*Record set*.
==============================

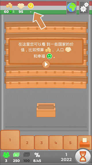 5、在左上角这里,您可以看到国家的一些价值,比如预算、人口和幸福。
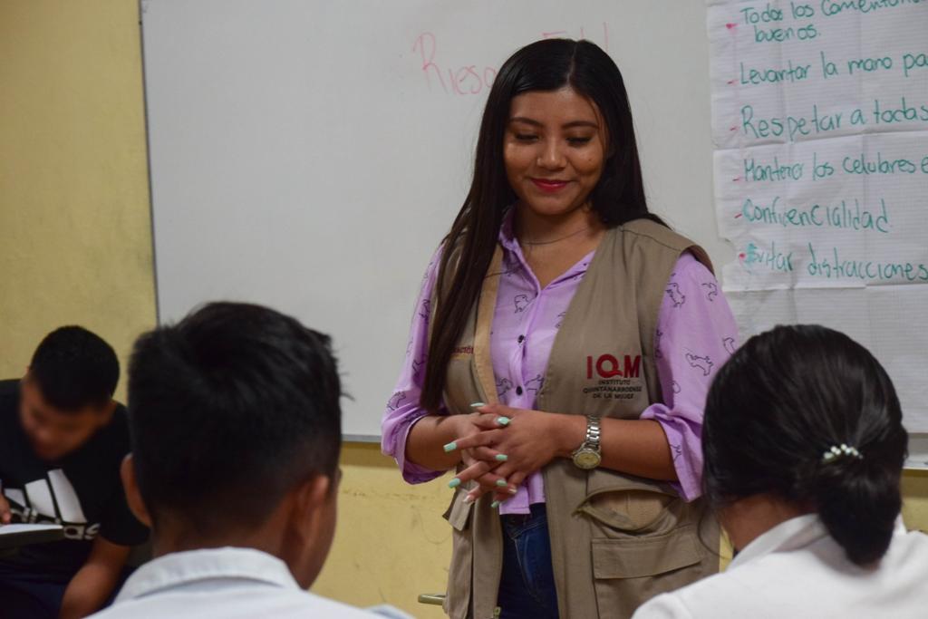 A través del Nuevo Acuerdo por el Bienestar y Desarrollo de Quintana Roo, que impulsa la gobernadora Mara Lezama Espinosa y con el apoyo del Gobierno de México, continuamos gestionando proyectos a favor de las mujeres quintanarroenses, por ello el IQM a través de los dos CECOVIM, en Benito Juárez y Othón P. Blanco, seguimos sensibilizando de manera permanente a las adolescencias de nivel secundaria y bachillerato en la prevención de la violencia contra las mujeres, dijo.
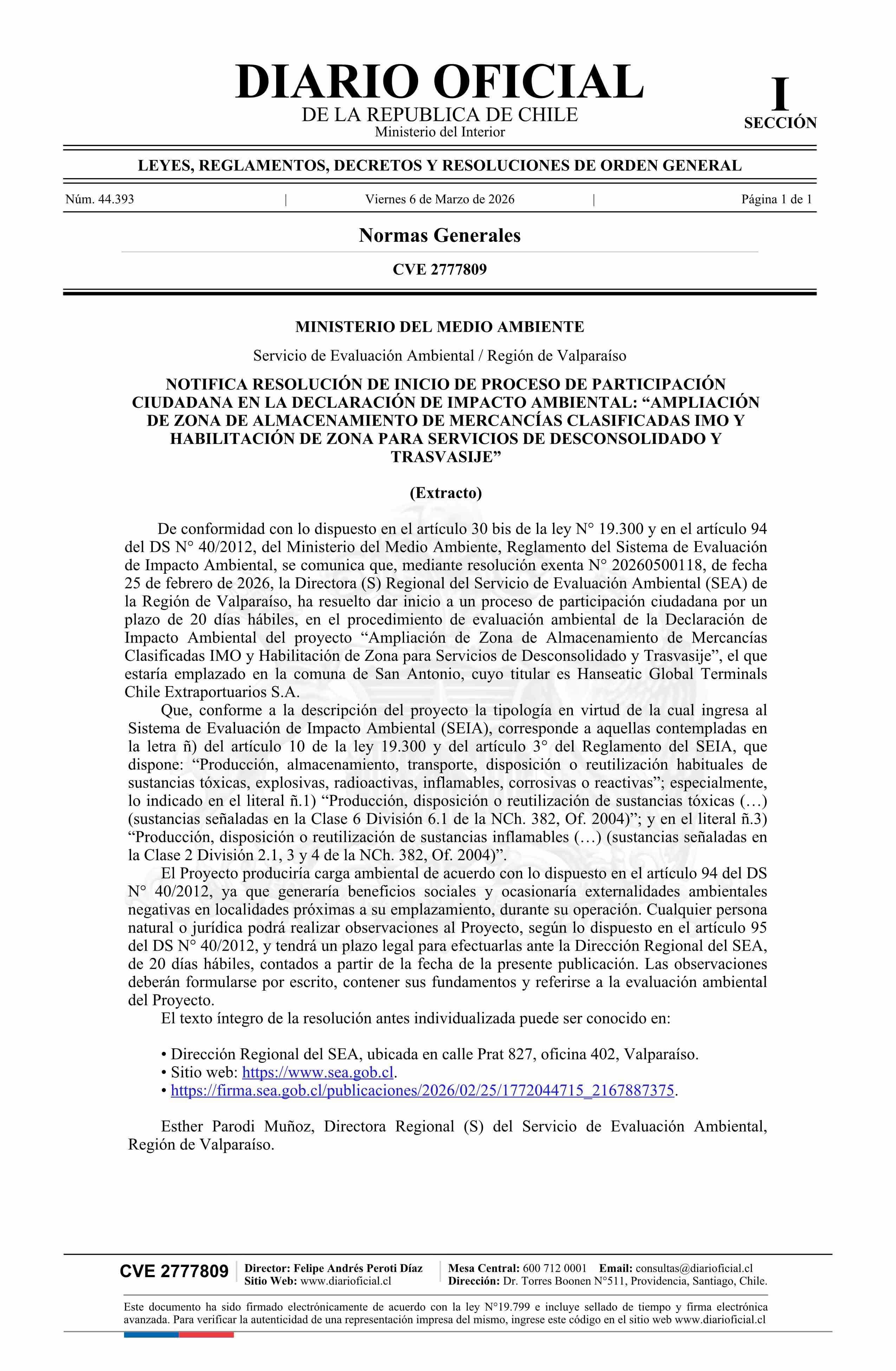 Título: Extracto de resolución exenta número 20260500118, de 2026.- Inicia proceso de participación ciudadana en la Declaración de Impacto Ambiental del proyecto Ampliación de zona de almacenamiento de mercancías clasificadas IMO y habilitación de zona para servicios de desconsolidado y trasvasije
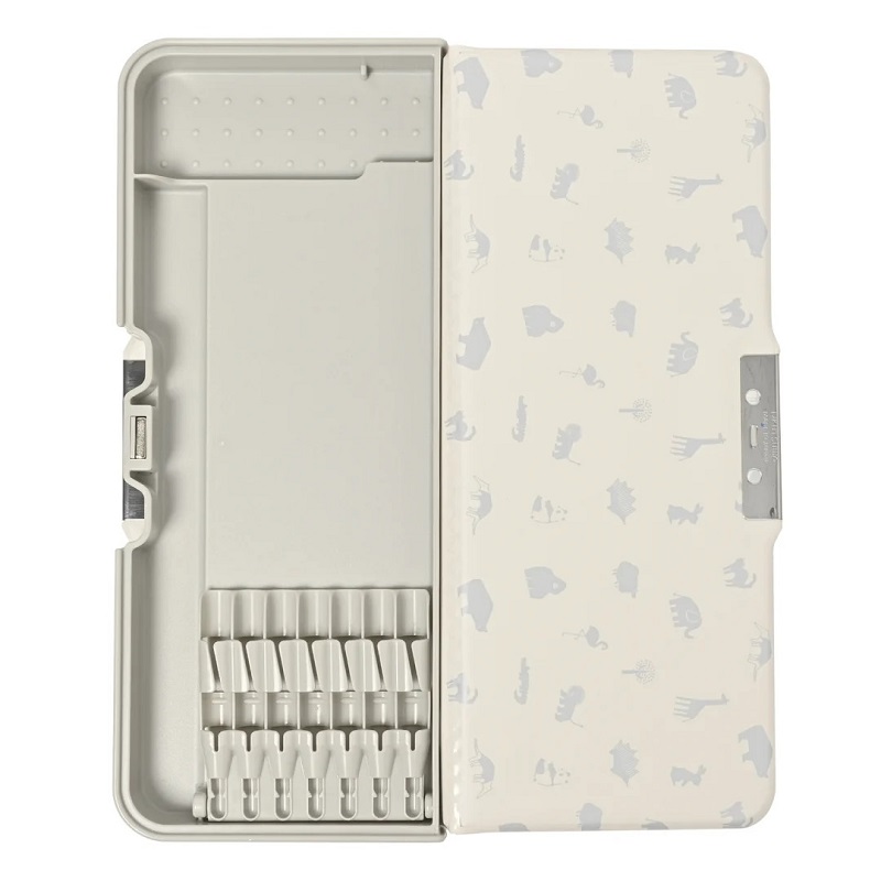 - (表紙)ポリ塩化ビニル、(成型皿)耐衝撃性ポリスチレン、(鉛筆ホルダー) ポリエチレン
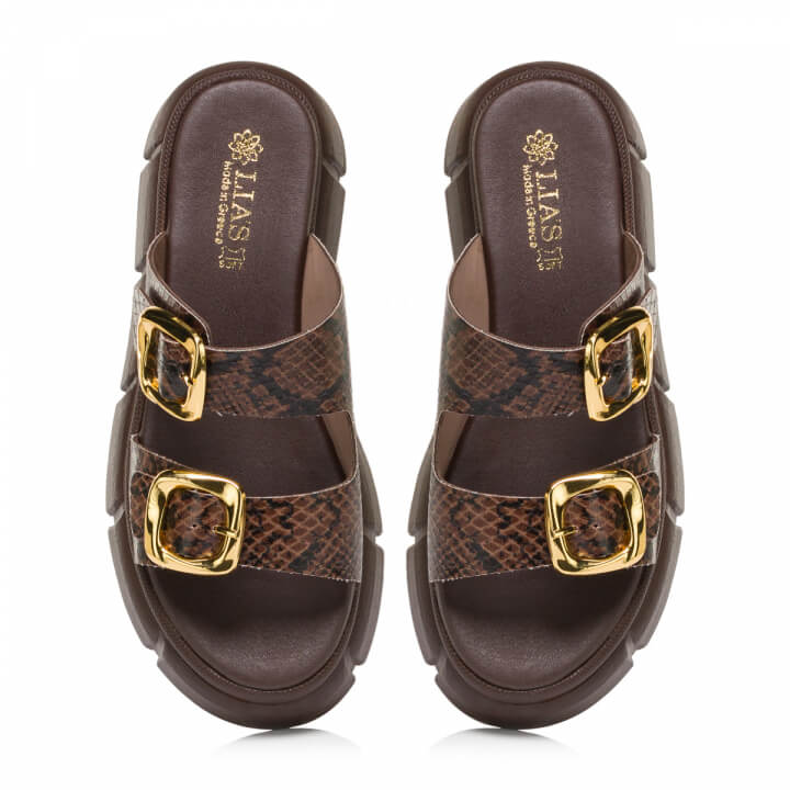 Lias leather slide snake καφέ
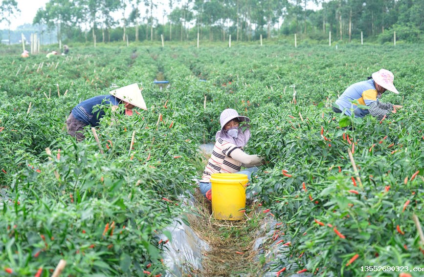 前述辣椒园位于广西钦州市钦北区平吉镇九佰垌国家级现代农业产业园区内。为了促进村集体经济收入,当地湴塘、广平等11个村与广西为农指天椒种植有限公司签订合作协议,11个村出资55万元种植110亩指天椒,交由该公司种植管理和销售一条龙服务。
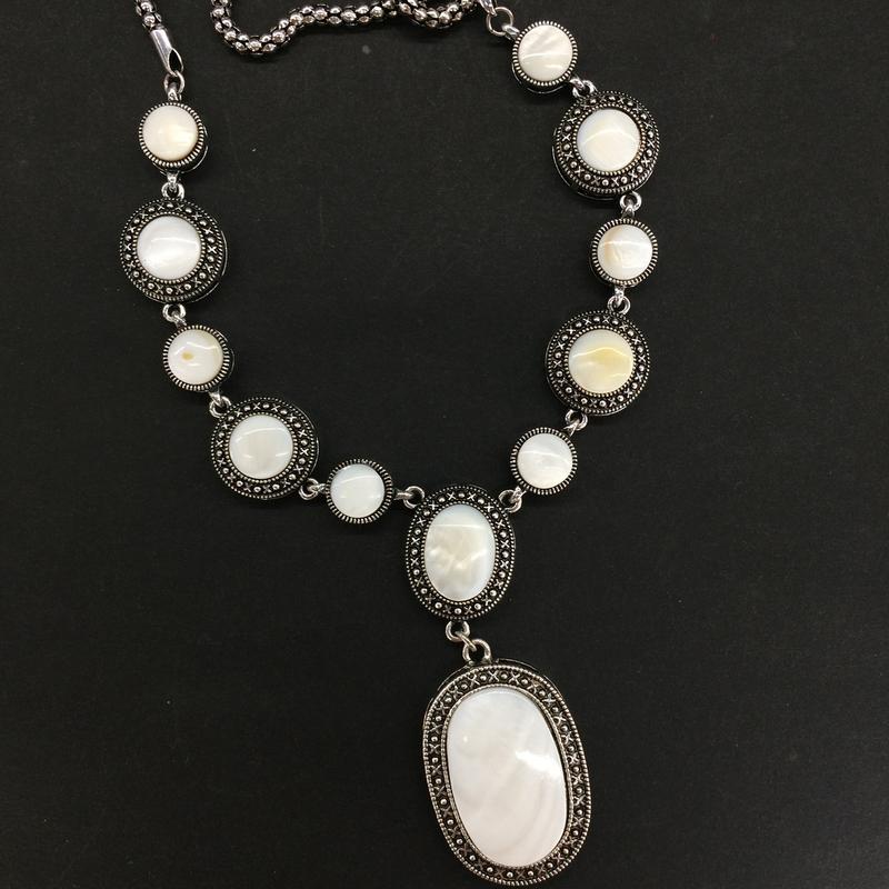 Колье с перламутром L-56+8см (подвески 7,5см)
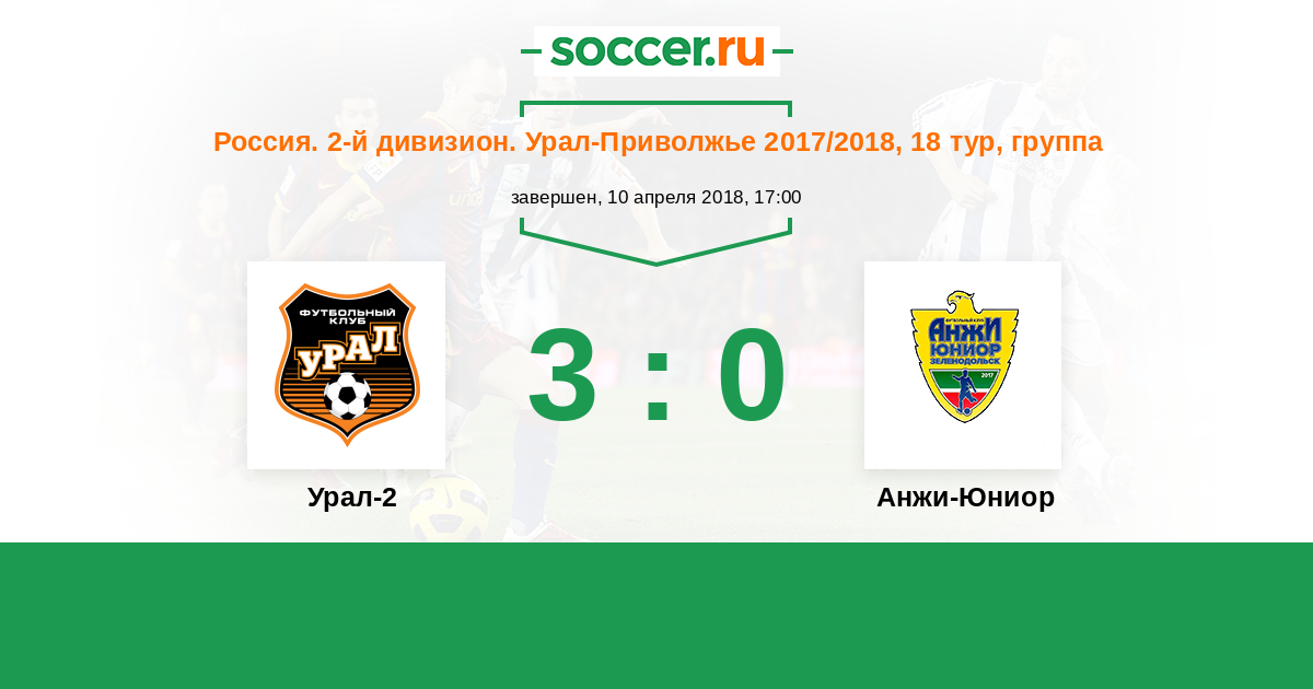 Россия. Вторая лига. Группа 4 10.04.2018 Урал-2 Логотип футбольный клуб Урал-2 (Екатеринбург) 3:0 Логотип футбольный клуб Анжи-Юниор (Зеленодольск) Анжи-Юниор
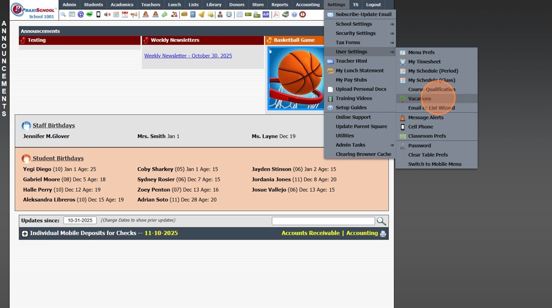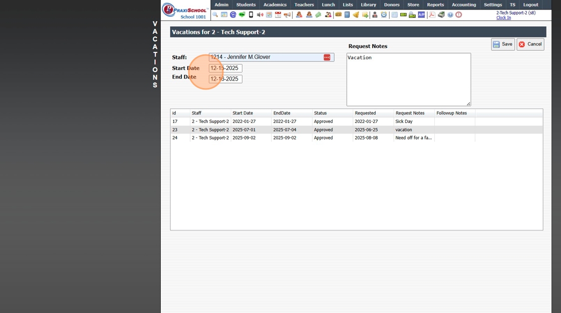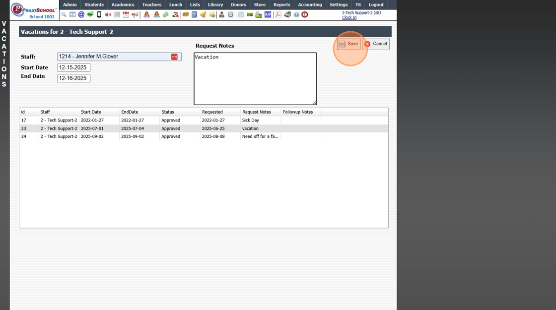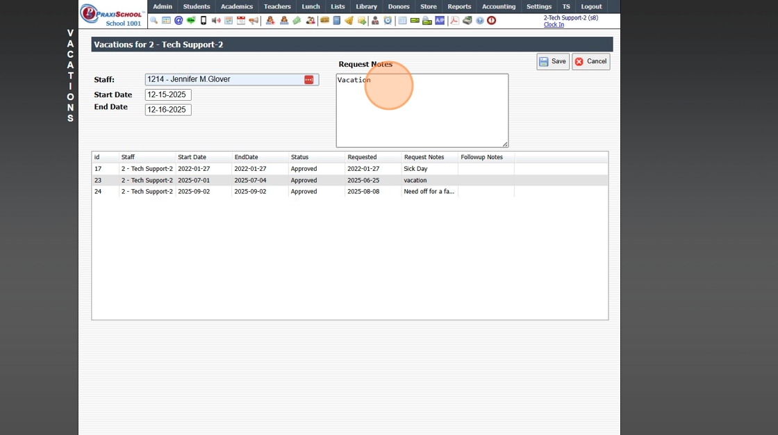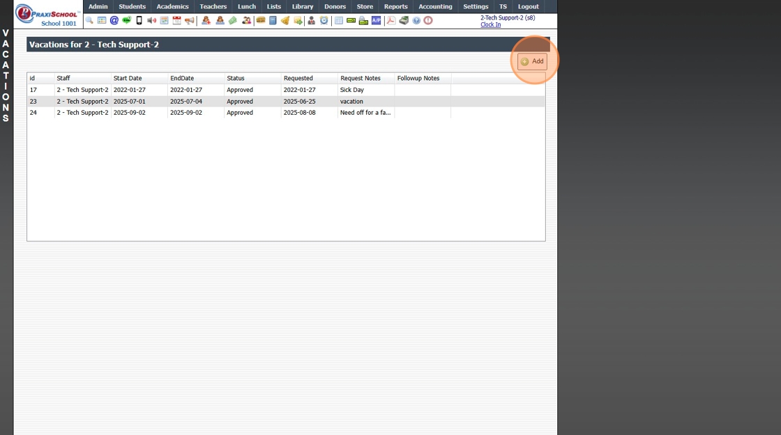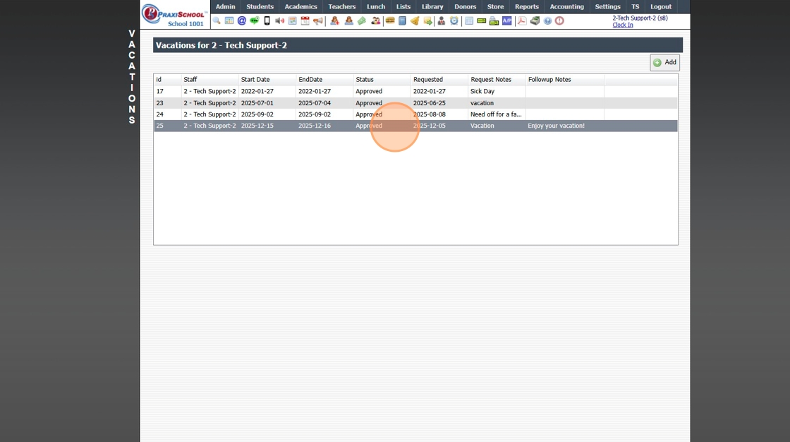 Viewing, Approving or Denying Staff Time Off Requests 1. Click "Admin" 2. Click "Staff" 3. Click "Vacations" 4. Select Time Off Request 5. Click "Edit" 6. Select "Approved / Denied" 7. Enter Number of Requested Hours / Days (Optional) 8. Enter Follow ...

==============================

*What to produce*. Please give again only those lines that run from the one containing "Колье с перламутром" through the final line of the listing, both included, exactly as written and without pictures.

*Solution to this problem*.
 Колье с перламутром L-56+8см (подвески 7,5см)
 Россия. Вторая лига. Группа 4 10.04.2018 Урал-2 Логотип футбольный клуб Урал-2 (Екатеринбург) 3:0 Логотип футбольный клуб Анжи-Юниор (Зеленодольск) Анжи-Юниор
 Viewing, Approving or Denying Staff Time Off Requests 1. Click "Admin" 2. Click "Staff" 3. Click "Vacations" 4. Select Time Off Request 5. Click "Edit" 6. Select "Approved / Denied" 7. Enter Number of Requested Hours / Days (Optional) 8. Enter Follow ...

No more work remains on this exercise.